THERE IS A herky-jerky quality to the manner in which the nation is put on alert for potential terrorist activity that so jangles the nerves they ultimately go numb.

The latest example was the sudden announcement Sunday that security measures are being dramatically escalated in New York, Washington and New Jersey based on intelligence reports that terrorists had been casing five financial institutions at those locations in preparation for attacks using car or truck bombs.

No one would suggest that precautions are unnecessary or that federal authorities should fail to act on credible intelligence.

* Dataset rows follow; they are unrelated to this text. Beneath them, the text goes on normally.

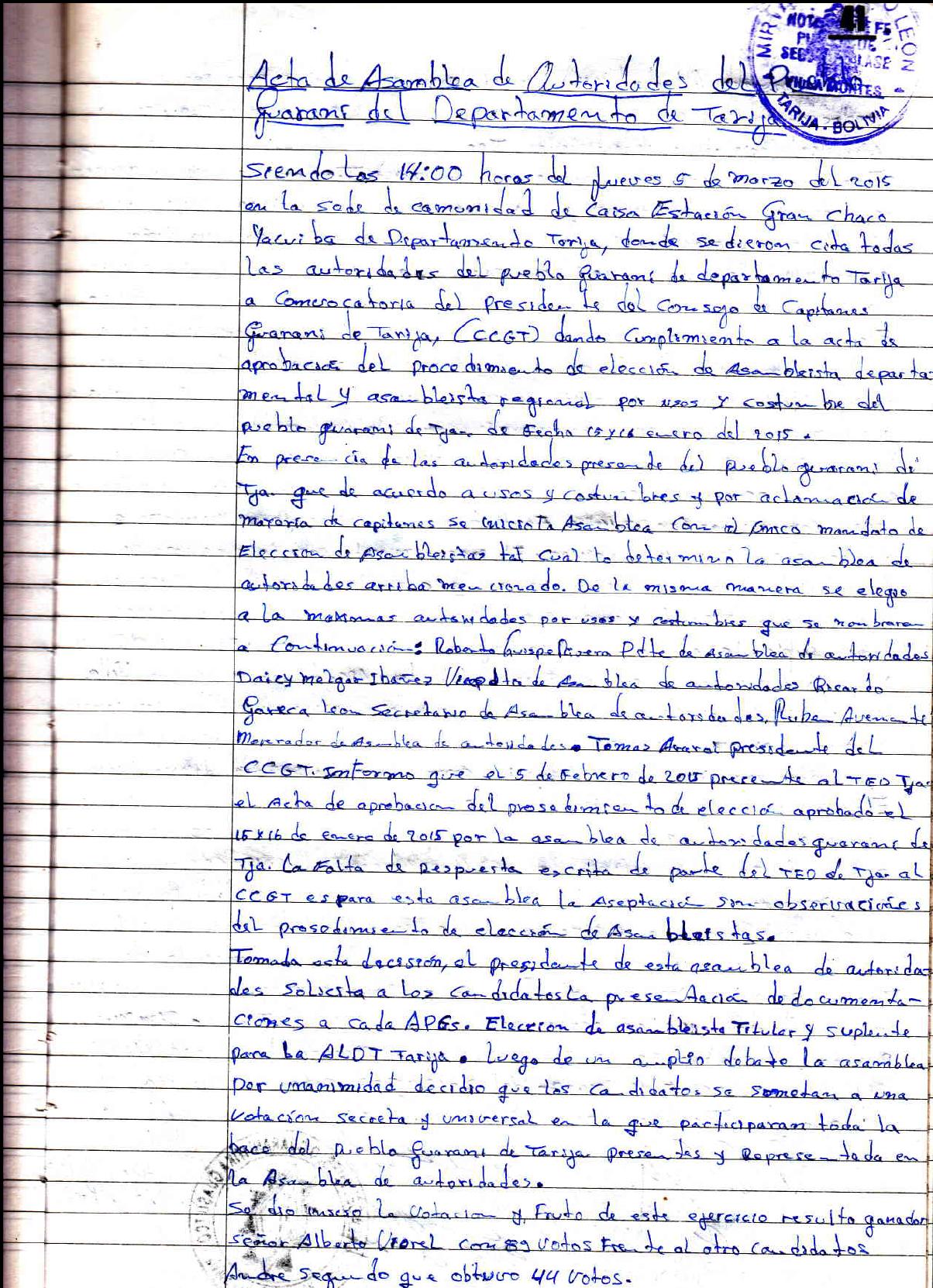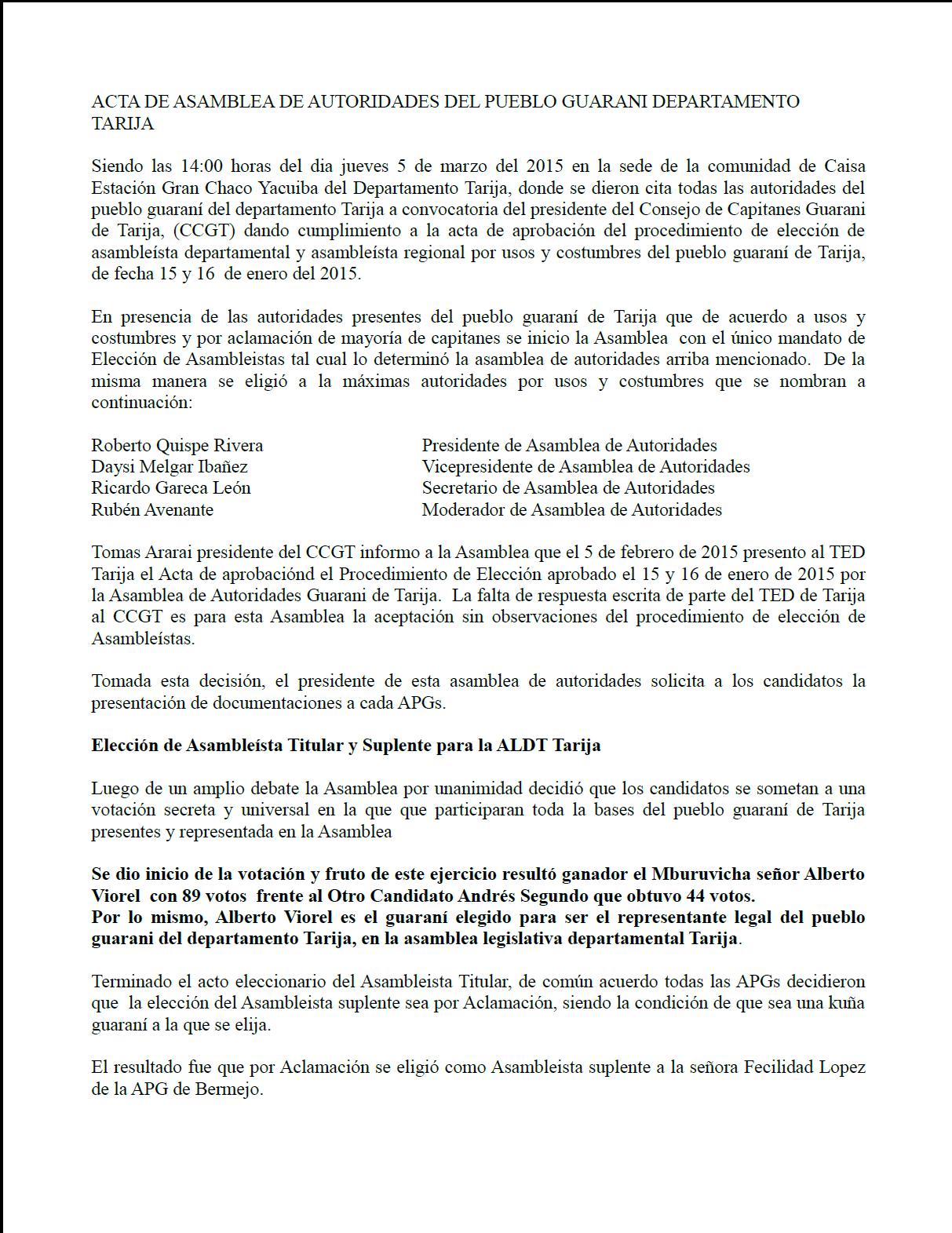 Roberto Quispe Rivera Presidente de Asamblea de Autoridades Daysi Melgar Ibañez Vicepresidente de Asamblea de Autoridades Ricardo Gareca León Secretario de Asamblea de Autoridades Rubén Avenante Moderador de Asamblea de Autoridades Tomas Ararai presidente del CCGT informo a la Asamblea que el 5 de febrero de 2015 presento al TED Tarija el Acta de aprobaciónd el Procedimiento de Elección aprobado el 15 y 16 de enero de 2015 por la Asamblea de Autoridades Guarani de Tarija. La falta de respuesta escrita de parte del TED de Tarija al CCGT es para esta Asamblea la aceptación sin observaciones del procedimiento de elección de Asambleístas.
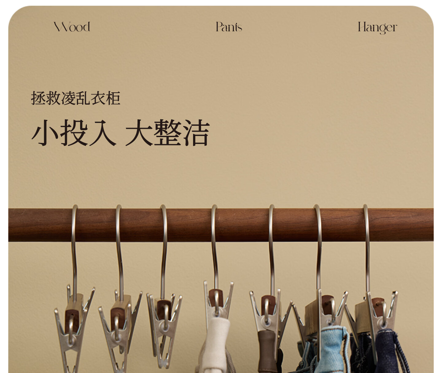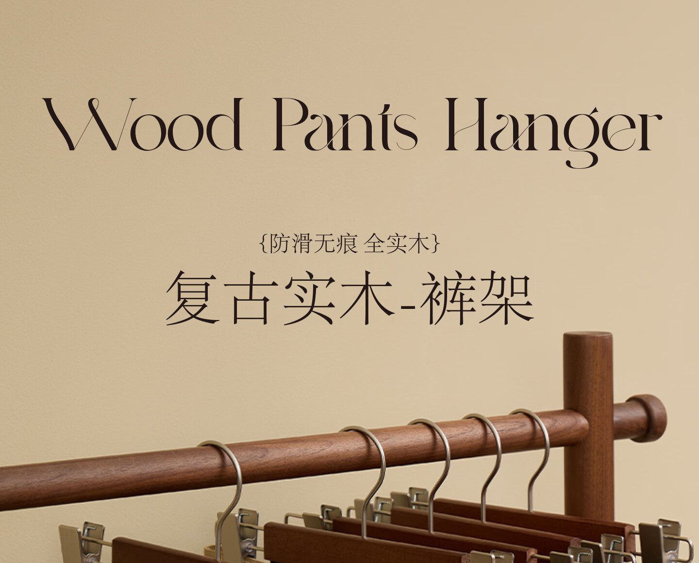 梵瀚实木裤架挂裤子专用家用无痕挂裤子裙子衣架带夹子防滑晾晒裤挂 裤架 一字款 1个
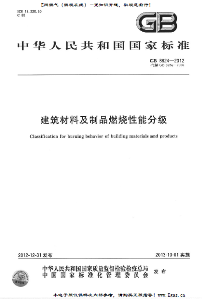 建筑材料及制品燃燒性能分級(jí)GB 8624-2012:本標(biāo)準(zhǔn)規(guī)定了建筑材料及制品的術(shù)語(yǔ)和定義、燃燒性能等級(jí)、燃燒性能等級(jí)判據(jù)、燃燒性能等級(jí)標(biāo)識(shí)和檢驗(yàn)報(bào)告。
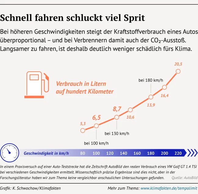 Benzin und Diesel bestehen aus Kohlenwasserstoffen. Werden die beiden Kraftstoffe in einem Motor verbrannt, reagiert der enthaltene Kohlenstoff mit Sauerstoff zu Kohlenstoffdioxid (CO₂). Je schneller ein Fahrzeug fährt, desto mehr Kohlenwasserstoffe, also Benzin oder Diesel, werden verbraucht, damit genug Leistung zur Verfügung steht, um den Luftwiderstand zu überwinden. Dieser Widerstand steigt ungefähr quadratisch mit der Geschwindigkeit, das heißt: Mit jedem zusätzlichen Stundenkilometer steigt die Energieverbrauchskurve immer steiler an und damit (bei Verbrennerfahrzeugen) der Benzin- bzw. Dieselverbrauch und damit der CO2-Ausstoß.
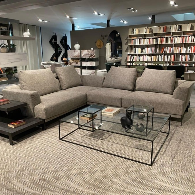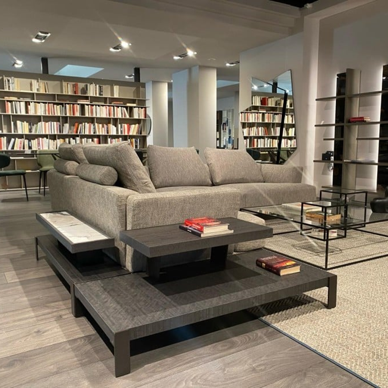 Le piattaforme autonome, sia rigide che morbide, si combinano le une con le altre in composizioni che potrebbero estendersi quasi in ogni direzione, per andare a soddisfare i vari bisogni della vita domestica. I complementi, dal disegno atemporale, si ispirano a valori artigianali, combinando essenze e marmi, creando giustapposizioni disinvolte. Questi elementi, accostabili tra loro e integrabili alle componenti imbottite, ispirano un libero gioco di creatività architettonica che ne rafforza l'effetto di articolata linearità. Le dolci volumetrie dei braccioli e dello schienale si espandono leggermente verso l'esterno, conferendo un senso di gradevole accoglienza.
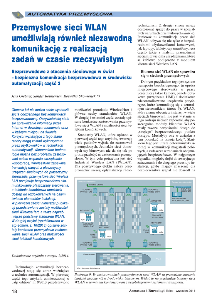 AUTOMATYKA PRZEMYSŁOWA Przemysłowe sieci WLAN umożliwiają również niezawodną komunikację z realizacją zadań w czasie rzeczywistym technicznych. Z drugiej strony należy dostosować sprzęt do pracy w specjalnych warunkach przemysłowych (ilustr. 8). Ponieważ tu komunikacja przez sieć WLAN odbywa się nie tylko z bezpośrednimi użytkownikami końcowymi, jak laptopy, tablety, czy smartfony, lecz często także z małymi, przenośnymi sieciami z wieloma urządzeniami, które są kablowo podłączone z modułem klienta sieci Wireless LAN. Bezprzewodowo z otoczenia sieciowego w świat – bezpieczna komunikacja bezprzewodowa w środowisku automatyzacji; część 2 Biurowa sieć WLAN nie sprawdza się w sieciach przemysłowych Jens Grebner, Sander Rotmensen, Roswitha Skowronek *) Obecnie już nie można sobie wyobrazić życia codziennego bez komunikacji bezprzewodowej. Oczywistością stało się sprawdzanie informacji przez Internet w dowolnym momencie oraz w każdym miejscu na świecie. Korzyści wynikające z tego stanu rzeczy mogą zostać wykorzystane przez użytkowników w technikach automatyzacji. Wspomniane technologie można bez problemu zastosować celem wsparcia zarządzania współpracą; WirelessHart zapewnia transmisję danych z płaszczyzny urządzeń sieciowych do płaszczyzny sterowania, przemysłowa sieć Wireless LAN przejmuje bezprzewodowo skomunikowanie płaszczyzny sterowania, a telefonia komórkowa umożliwia dostęp do rozlokowanych na całym świecie elementów instalacji. W pierwszej części niniejszej publikacji przedstawione zostały możliwości sieci WirelessHart, a także najważniejsze podstawy standardu WLAN. W drugiej części (opublikowana w atp edition, z. 10/2013) opisane zostały konkretne przemysłowe zastosowania sieci WLAN oraz możliwości sieci telefonii komórkowych. możliwości protokołu WirelessHart i główne cechy standardów WLAN. W drugiej i ostatniej części zostały opisane konkretne zastosowania przemysłowe sieci WLAN i możliwości sieci telefonii komórkowych. Standardy WLAN, które opisano w pierwszej części tego artykułu, stwarzają wiele punktów wyjścia do zastosowań przemysłowych. Jednakże sieci domowych czy biurowych nie da się tak po prostu przełożyć na zastosowania przemysłowe. W tym celu potrzebna jest sieć Industrial Wireless LAN (IWLAN). Dla pozytywnego efektu należy przeprowadzić szereg optymalizacji radio- Terminal kontenerowy Centrala automatyzacyjna Industrial Ethernet SCALANCE W786C-2 RJ45 SCALANCE W786C-2 RJ45 ANT795-6MT Technologie komunikacji bezprzewodowej stają się coraz ważniejsze w technice automatyzacji. W pierwszej części tego artykułu zamieszczonej w „atp edition” nr 9/2013 przedstawiono 18 SCALANCE XR324-12M IWLAN Controller SCALANCE WLC711 AGV ANT795-6MT SCALANCE W748-1 RJ45 AGV SCALANCE W748-1 RJ45 ANT795-6MT ANT795-6MT W748-1 RJ45 W748-1 RJ45 SCALANCE W786C-2 RJ45 Dokończenie artykułu z zeszytu 2/2014. Dobrym przykładem tego jest system transportu bezobsługowego: tu oprócz miejscowego sterownika w pracy uczestniczą także kamery, panele dotykowe (urządzenia HMI) i dodatkowe zdecentralizowane urządzenia peryferyjne, które komunikują się z centralnym sterownikiem (ilustr. 9). WLAN, który znamy obecnie z instalacji w wielu sieciach biurowych, nie jest w stanie w tego rodzaju sieciach zapewnić, aby poszczególne moduły klientów WLAN miały zawsze bezpośredni dostęp do „swojego“ bezprzewodowego punktu dostępu. Musiałyby one w związku z tym poczekać na „swoją kolej”. Skutkiem tego jest utrata deterministyki istotnej w komunikacji magistrali polowych, a zwłaszcza w zadaniach obejmujących bezpieczeństwo. W najgorszym wypadku mogłoby dojść do awaryjnego zatrzymania i do drogiego przestoju instalacji, gdyby mający znaczenie dla bezpieczeństwa sygnał nie doszedł na AGV AGV SCALANCE W786C-2 RJ45 Kontenerowiec AGV = Automated Guided Vehicle Ilustracja 9. W zastosowaniach przemysłowych sieci WLAN są przeważnie znacznie bardziej złożone niż w środowisku biurowym. Widać to na przykładzie budowy sieci WLAN w terminalu kontenerowym z bezobsługowymi systemami transportu. Armatura i Rurociągi, lipiec - wrzesień 2014 AUTOMATYKA PRZEMYSŁOWA czas do użytkownika końcowego. Dzięki zastosowaniu protokołów zabezpieczających, w ogóle nie do dochodzi do takich niebezpiecznych sytuacji. SIMATIC S7-400 z CP 443-1 Serwer danych wkrętarek Serwer systemowy (FIS) Switch SCALANCE X-400 Metoda odpytywania (polling) zapobiega kolizjom Aby mimo wszystko zapewnić niezawodną komunikację na płaszczyźnie magistrali polowej poprzez sieć WLAN, do komunikacji z wymogiem realizacji zadań w czasie rzeczywistym, w porównaniu do obecnych standardów, konieczne są pewne rozszerzenia. Problem komunikacji w czasie rzeczywistym w magistralach sieciowych w połączeniu z komunikacją skoncentrowaną na bezpieczeństwie rozwiązano na przykład za pomocą funkcji iPCF produktów IWLAN firmy Siemens, które często stosuje się w połączeniu z falowodem szczelinowym. Technologia iPCF bazuje na metodzie dostępu do PCF (Point Coordination Function), która już od 1999 r. wchodzi w skład standardu IEEE 802.11-legacy. PCF to metoda odpytywania, w której punkt dostępu, jako centralna jednostka, kontroluje dostęp do poszczególnych stanowisk, mając na celu uniknięcie kolizji. W iPCF stosuje się porównywalną metodę odpytywania, w połączeniu z metodą, która umożliwia szybszy roaming. Dzięki temu zapewnia się, że każdy połączony moduł klienta sieci bezprzewodowej może co najmniej raz dokonać wymiany danych z punktem dostępu w trakcie wybranego cyklu magistrali polowej. Falowód szczelinowy stosuje się wtedy, gdy komunikacja bezprzewodowa ma lub musi być zorientowana wzdłuż określonego odcinka drogi, a nie jest możliwe zastosowanie typowych anten, ponieważ, na przykład, można byłoby się spodziewać trudności podczas wzbudzen

But in the repeated instances of such alerts, there seems too broad a swing from inaction to overreaction, undermining the confidence of Americans whose cooperation is essential.

At worst, the unusually specific threat warnings - coming just days after Democrat John Kerry used his nominating convention to try to undercut President Bush's perceived advantage as the candidate voters most trust to lead the war on terror - are open to charges of political manipulation. Not the least because Mr. Bush seems to have found new urgency in endorsing recommendations from the 9/11 commission.

Some fine-tuning of the security precautions is immediately in order and should be among the first byproducts of revamping the national intelligence-gathering system along the lines the commission suggested.

Greater coordination and sharing of information under a national intelligence director aided by a counterterrorism center, as Mr. Bush proposed, should allow for a more temperate, rational response to what they learn than the dire warnings and traffic shutdowns of the past couple of days.

"If we were silent on the subject," Mr. Bush said yesterday, critics would ask of his administration, "Why aren't they sharing?"

But surely there is a mid-range between silence and overwhelming Americans with information too vague to be useful - except perhaps to terrorists tipped off about security measures. And too much security that disrupts commerce and everyday life at some point becomes a hazard in itself.

However belated, President Bush's enthusiasm for creating a more efficient intelligence-gathering network, as well as more accountable oversight by Congress, is welcome. Lawmakers, who are scheduled to hold a series of hearings on the recommendations this month, should begin carefully crafting legislation as soon as possible.

It seems foolish, however, and perhaps even dangerous to push the legislative process along quickly enough, as Mr. Kerry urged, to get the job done before this year's election. The scope is too big and the mission too important for a rush job.

While the legislation is developing, though, it wouldn't hurt for the administration to moderate the alarm level of those terrorist alerts before Americans tune them out altogether.